President Obama was in the midst of the Presidential campaign and I was listening to him speak on TV one Sunday evening.  Dad came in from evening church service and started  speaking very hateful nasty comments about Mr. Obama.  I think his just having left church and ten minutes later speaking that way plus interrupting my listening to the speech was a trigger for me.

I turned off the TV and told my Dad we had to talk.  I asked him to sit down and I stood on my knees in front of him right against his knees.  I wanted to make sure he could not walk away from what I had to say.  I did not speak with anger but with the intention and intensity that came from releasing over 60 years of regret, guilt and frustration of not standing up to my father’s racist behavior.  With this writing I am experiencing tears and pain in my gut.  I realize this is highly personal and some might say I should not be sharing this about my Dad.  But I am doing so with the hope that someone else might summon the courage to stand up to such behavior from someone they know or maybe even from themselves.  What follows is a summary of what I said.

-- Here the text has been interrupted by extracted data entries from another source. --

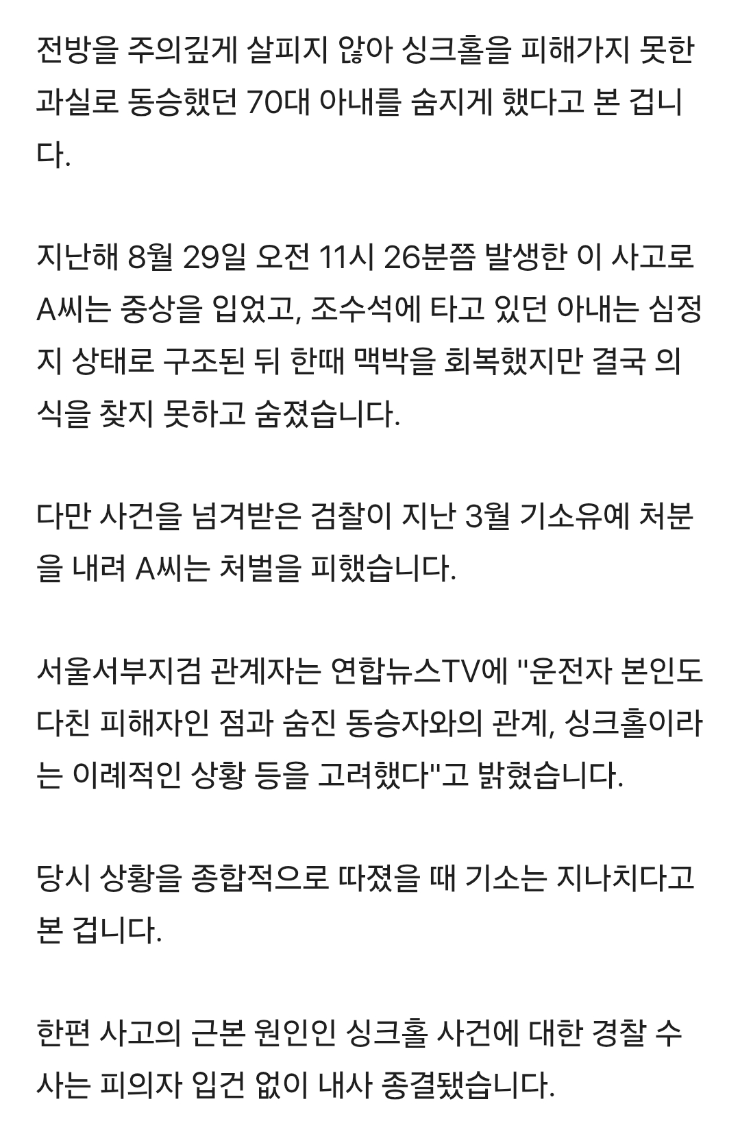 지난 해 서울 서대문구 연희동에서 발생한 땅꺼짐 사고와 관련해, 중상을 입은 피해 운전자가 오히려 처벌을 받을 뻔한 것으로 확인됐습니다. 연합뉴스TV 취재 결과, 서울 서대문경찰서는 당시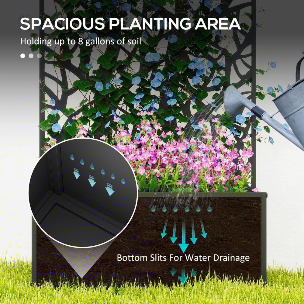 Outsunny Metal Raised Garden Bed with Trellis 24 x 23 x 61cm
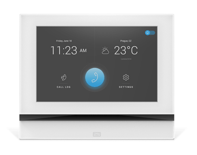 Dominantou odpovedajúcej jednotky 2N®Indoor View je 7″ širokouhlý dotykový displej. Povrch potvrdeného skla a štýlový design sa skvele hodí do luxusných rezidenčných projektov. Na inštaláciu potrebujete len jeden UTP kábel, inštalačnú krabicu do steny alebo na stenu. Náš vlastný operačný systém vám zaručuje spoľahlivosť jednotky a jednoduchú konfiguráciu.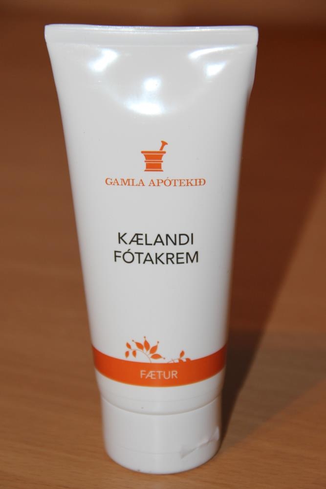 Hvít plasttúpa með hvítu smelltu plastloki. Texti: Gamla apótekið - Kælandi fótakrem - Fætur - Kælandi krem sem hefur frískandi áhrif á fætur. Sérstaklega gott fyrir þreytta fætur og fótapirring. Forðist að kremið berist í augu eða slímhúð Stærð: 100 ml.

“Dad, you have always assumed I agreed with your racial views and behavior.  I do not and never have, even as a little kid.  You assumed you had the right to try to pass your views on to me.  You do not have that right.  I cannot change the way you think or your behavior.  But I demand that you never speak that way in my presence ever again.  It is offensive and I refuse to listen to such talk.  And if you do it again, I will make the same demand and I will walk away from you if you persist.  You do not have the right to make the judgments you make of black people or anyone else.  To do so is an offense to the religion you were practicing tonight at church.  And I will not ever again listen to your racial judgments without challenging you.”

There was more but I can’t remember all of it.  Of course he was very angry and would not talk and we never spoke about the incident again.  But here is what I consider the transformation that came out it.  First, I was forever altered as a man and as a son.  I found my voice with my father and that altered who I am as a human being.  Secondly, my father was altered.  Not only has he not spoken that way again about President Obama, he voted for him after saying he would not.  After the election during another Obama speech, Dad said, “He is a very smart man”.  And he spoke respect and admiration of President Obama several times before his physical condition deteriorated to where he can no longer speak.  I am very grateful for having heard my father speak and act respectfully with black people after over 90 years.

I took a stand with my Dad.  What if we all took that stand with someone we know?  What if I had taken my stand with Dad many years ago?  What if we took that stand with our politicians and demanded debate with civility.  What if someone had taken a stand with the young man who killed all those people in Arizona  and did so several years ago before he was in his insane murderous state?  

Even if someone is unable to examine their own thinking and emotions and my Dad certainly was not before I took a stand, taking a stand transformed both of us.  

Taking a stand, speaking that stand and acting consistent with the stand has the power to transform who are.